We often hear about "black money" and undisclosed money . Many people think that black money and undisclosed money are the same thing. In reality, they are not. Money is not characterized by its color. Instead, the term "black money" is used to describe money earned through illegal or unethical means and is kept outside the country's tax network. For example, if someone earns money through arms trading, theft, or any other illegal means and does not pay taxes on the earned money according to prevailing laws, then that money may be termed as black money. "Undisclosed money" refers to money that is earned legally but is not declared for tax purposes according to the prevailing laws of the country. Owners of black money commit two offenses simultaneously. On the other hand, owners of undisclosed money commit only one offense.
When the topic of black money and undisclosed money arises, the issue of money laundering often comes into play. Many people are confused about money laundering. Once I asked a renowned economist in the country to explain what money laundering is. He unequivocally stated that money laundering is synonymous with smuggling money. However, his statement is not entirely accurate. Smuggling money is just one technique of money laundering.
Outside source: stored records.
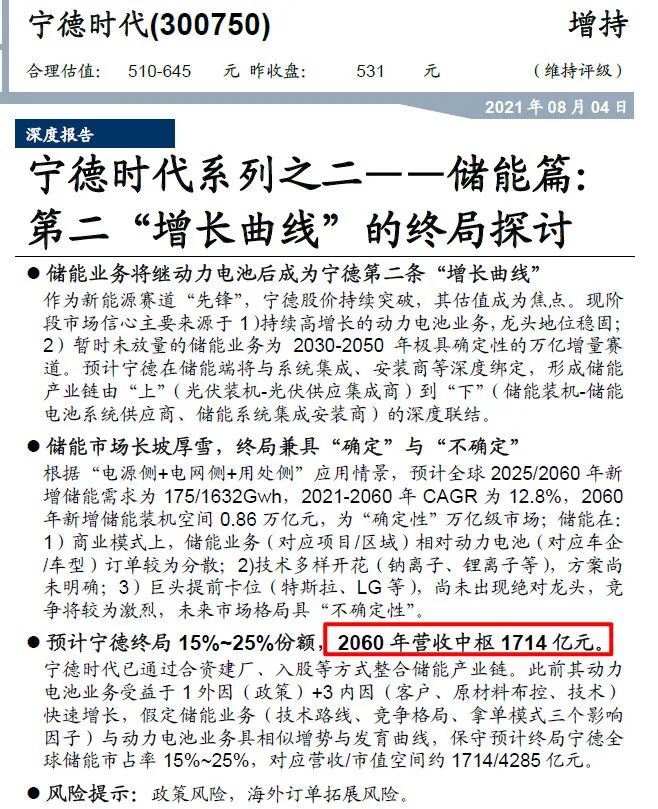 一些机构给宁德时代估值,几乎已经到了丧心病狂的地步,中信证券给出的目标价754元/股,还有券商将宁德时代的业绩评估到2060年。
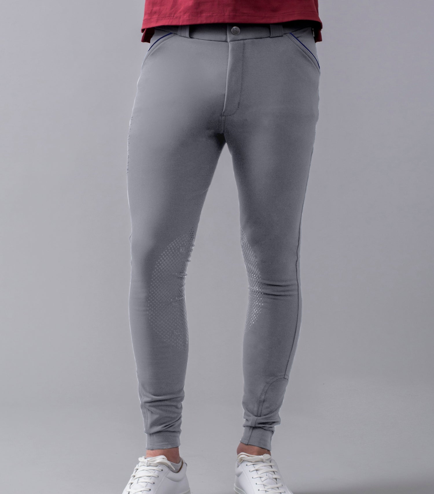 Men's Breeches with E-Tec Knee Grip KLKenton - comfortable men's riding breeches with silicone knee patches for ideal grip in the saddle.  Designed with comfort and performance in mind, these high quality breeches are made from soft technical fabric which offers powerful 4-way stretch as well as remaining breathable. The striped piping on the front pockets adds a subtle touch of Kingsland detailing which combines perfectly with the embroidered Kingsland logo on the back as well as the Kingsland patch on the thigh. A must-have for the competitive rider, these light grey breeches are sure to become a favorite.
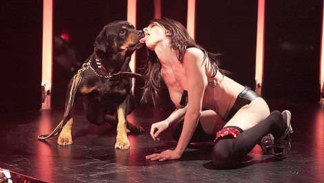 E poi la chiamano vita da cani. (Asia Argento si slinguazza appassionatamente il rottweiler in una scena del film "Go Go Tales" presentato fuori concorso al Festival di Cannes 2007)
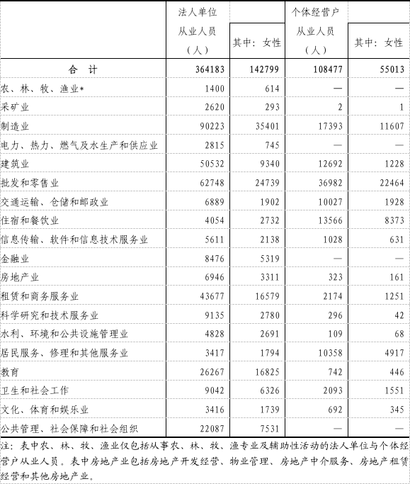 2023年末,全市第二產業和第三產業法人單位從業人員364183人,比2018年末減少10917人,下降2.9%,其中女性從業人員142799人。第二產業從業人員145500人,減少14404人,下降9.0%;第三產業從業人員218683人,增加3201人,增長1.5%。個體經營戶從業人員108477人,其中女性從業人員55013人。

Therefore, it is incorrect to equate money laundering with smuggling money. Money smuggling occurs when funds are moved between one country and another. And Money laundering involves the clandestine transfer of funds acquired through illegal means or undisclosed sources, both within a country and across borders. Its purpose is to legitimize illicitly obtained money and undisclosed money through various transformation and relocation processes, thereby integrating them into the mainstream economy of a country. Some believe that the term "money laundering" originated from the word "launder," akin to how dirty clothes are cleaned in laundry. Just as laundry cleans dirty clothes, money laundering seeks to legitimize illicit funds.
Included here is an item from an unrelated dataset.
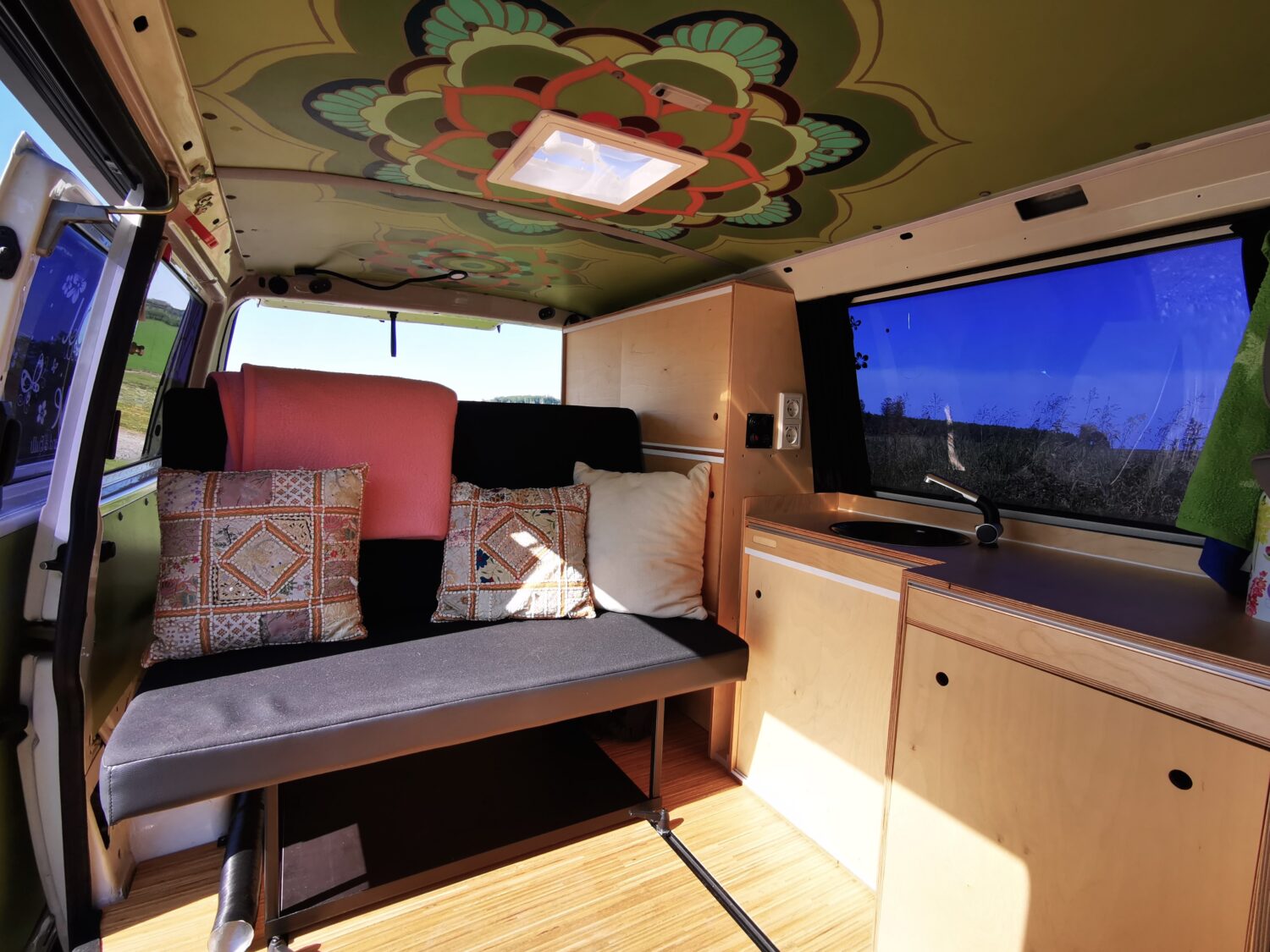 Mein Bulli bekommt aktuell seinen 3. Ausbau. Ich habe ihn von der Vorbesitzerin (damals hieß er noch Drexlmeier) bereits mit einem Weekender-Ausbau übernommen. Den habe ich dann letztes Jahr "optimiert" sowie den Strom neu gemacht, was etwas eskaliert ist, und am Ende ein komplett neuer Weekender-Ausbau eingebaut war. In diesem Jahr erfülle ich mir nun selbst den Traum eines komplett neuen Ausbaus mit allem was dazu gehört um für mehrere Tage autark zu sein. Dabei achte ich ein wenig darauf möglichst viele natürliche Materialen zu nutzen, wie Holzmöbel und Parkettboden. So wird's dannn auch gemütlich.

In economics, there is a theory called the 'Trickle-down Effect.' Proponents of this theory believe that if different economic benefits and tax exemptions are provided to the financial elite, they will establish various industries. The poor people will then work in these establishments and be able to sustain their livelihoods. This is only a manifestation of capitalist ideology.
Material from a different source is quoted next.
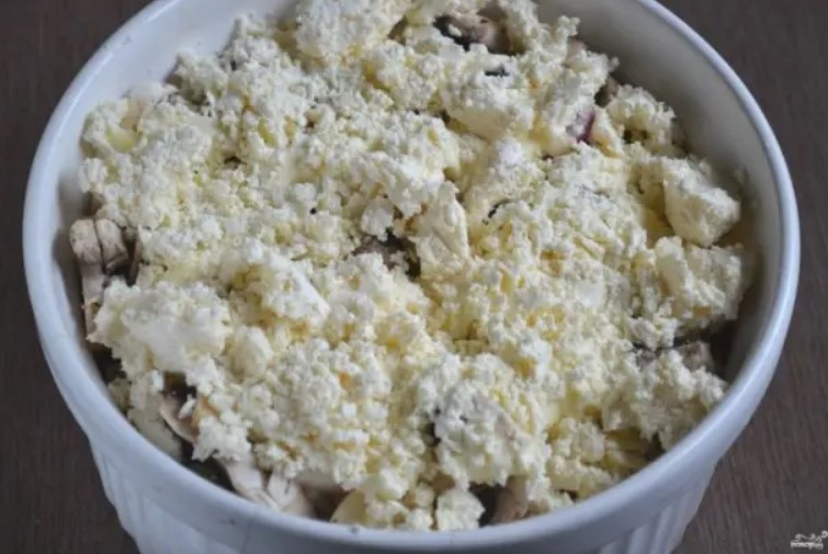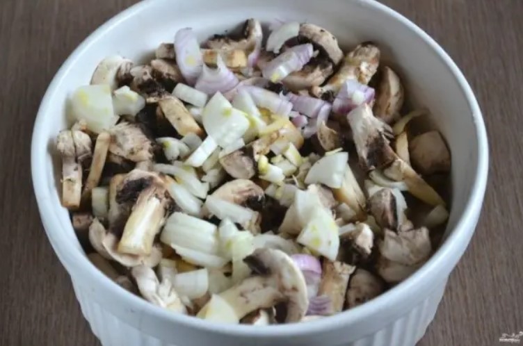 Отгоре сложете нарязани гъби, а върху тях – лука.

There is a theory called Behavioral Economics. A few years ago, an economist named Richard Thaler conducted research on behavioral economics and received the Nobel Prize. The main proposition of this theory is that when the price of a product decreases in the market, consumers undergo a certain behavioral change. They become more enthusiastic or eager to purchase the product in larger quantities compared to before. We often observe this phenomenon in our daily lives. The essence of economics revolves around human beings. Nothing exists in economics without considering humans. Indeed, human behavior is highlighted through various theories of economics.
Author: Retired General Manager, Bangladesh Development Bank Limited, and writer on economic subjects.